I stated that altogether the contribution of this country towards the recapture of Khartoum would be less, than £1,000,000, including this £800,000, and about £145,000, I think it is, which the House voted for the expenditure on the Indian garrisons.

MR. GIBSON BOWLES

I now understand. In my opinion it is absolutely necessary for various reasons that Khartoum should be again a province of Egypt; but should the reconquest be made wholly or even largely at the expense of England? Are we to keep Khartoum for nothing, and to pay either all, or a large part, of the expenditure? If that be the proposal, it seems to me entirely unreasonable. If it were a British, possession, then I could well understand our undertaking the expense of the reconquest of Khartoum; but, inasmuch as our possession of Egypt is that purely of leaseholders, at the will, one might almost say, of the Powers, insomuch as we have undertaken that in Egypt we will neither gain nor seek any advantages for ourselves that are not shared absolutely and completely by every other Power, and inasmuch as even the canal itself has been placed by the Convention of 1888 in such a position that, apparently, if we were at war with China and Russia, we should, we being in the occupation of Egypt, have to allow a Russian vessel to sail through the canal that would attack our fleet at China—inasmuch as we are in this strange and anomalous position in Egypt, I do not think we ought to be asked to remit a large part of this loan.

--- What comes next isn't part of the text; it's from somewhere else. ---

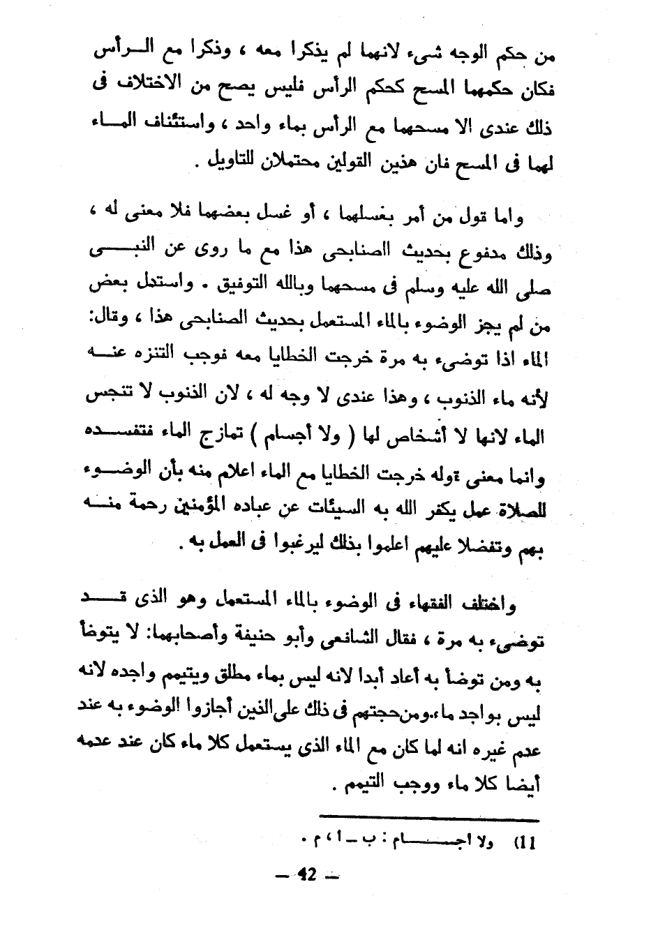 مِنْ حُكْمِ الْوَجْهِ شَيءٌ لِأَنَّهُمَا لَمْ يُذْكَرَا مَعَهُ وَذُكِرَا مَعَ الرَّأْسِ فَكَانَ حُكْمُهُمَا الْمَسْحُ كَحُكْمِ الرَّأْسِ فَلَيْسَ يَصِحُّ مِنْ الِاخْتِلَافِ فِي ذَلِكَ عِنْدِي إِلَّا مَسْحُهُمَا مَعَ الرَّأْسِ بِمَاءٍ وَاحِدٍ وَاسْتِئْنَافُ الْمَاءِ لَهُمَا فِي الْمَسْحِ فَإِنَّ هَذَيْنِ الْقَوْلَيْنِ مُحْتَمَلَانِ لِلتَّأْوِيلِ وَأَمَّا قَوْلُ مَنْ أَمَرَ بِغَسْلِهِمَا أَوْ غَسْلِ بَعْضِهِمَا فَلَا مَعْنَى لَهُ وَذَلِكَ مَدْفُوعٌ بِحَدِيثِ الصُّنَابِحِيِّ هَذَا مَعَ مَا رُوِيَ عَنِ النَّبِيِّ صَلَّى اللَّهُ عَلَيْهِ وَسَلَّمَ فِي مَسْحِهِمَا وَبِاللَّهِ التَّوْفِيقُ وَاسْتَدَلَّ بَعْضُ مَنْ لَمْ يُجِزْ الْوُضُوءَ بِالْمَاءِ الْمُسْتَعْمَلِ بِحَدِيثِ الصنابحي هذا وقال الماء إذا توضيء بِهِ مَرَّةً خَرَجَتِ الْخَطَايَا مَعَهُ فَوَجَبَ التَّنَزُّهُ عَنْهُ لِأَنَّهُ مَاءُ الذُّنُوبِ وَهَذَا عِنْدِي لَا وَجْهَ لَهُ لِأَنَّ الذُّنُوبَ لَا تُنَجِّسُ الْمَاءَ لِأَنَّهَا لَا أَشْخَاصَ لَهَا (وَلَا أَجْسَامَ) تُمَازِجُ الْمَاءَ فَتُفْسِدُهُ وَإِنَّمَا مَعْنَى قَوْلِهِ خَرَجَتِ الْخَطَايَا مَعَ الْمَاءِ إِعْلَامٌ مِنْهُ بِأَنَّ الْوُضُوءَ لِلصَّلَاةِ عَمَلٌ يُكَفِّرُ اللَّهُ بِهِ السَّيِّئَاتِ عَنْ عِبَادِهِ المؤمنين رحمة منه بهم وتفضلا عليهم اعلموا بذلك لِيَرْغَبُوا فِي الْعَمَلِ بِهِ وَاخْتَلَفَ الْفُقَهَاءُ فِي الوضوء بالماء المستعمل وهو الذي قد توضيء بِهِ مَرَّةً فَقَالَ الشَّافِعِيُّ وَأَبُو حَنِيفَةَ وَأَصْحَابُهُمَا لَا يُتَوَضَّأُ بِهِ وَمَنْ تَوَضَّأَ بِهِ أَعَادَ أَبَدًا لِأَنَّهُ لَيْسَ بِمَاءٍ مُطْلَقٍ وَيَتَيَمَّمُ وَاجِدُهُ لِأَنَّهُ لَيْسَ بِوَاجِدٍ مَاءً وَمِنْ حُجَّتِهِمْ فِي ذَلِكَ عَلَى الَّذِينَ أَجَازُوا الْوُضُوءَ بِهِ عِنْدَ عدم غَيْرِهِ أَنَّهُ لَمَّا كَانَ مَعَ الْمَاءِ الَّذِي يُسْتَعْمَلُ كُلًّا مَاءٌ كَانَ عِنْدَ عَدَمِهِ أَيْضًا كُلًّا مَاءٌ وَوَجَبَ التَّيَمُّمُ

It seems to me that before the House is asked to forego the repayment of the loan some grounds at least should be shown to us that Egypt is unable to repay it. No ground has been shown, either political or financial, why this country should be asked to pay this £800,000, and I therefore think it is extremely difficult to support the proposal of the right honourable Gentleman.

*MR. JOHN ELLIS (Nottingham, Rushcliffe)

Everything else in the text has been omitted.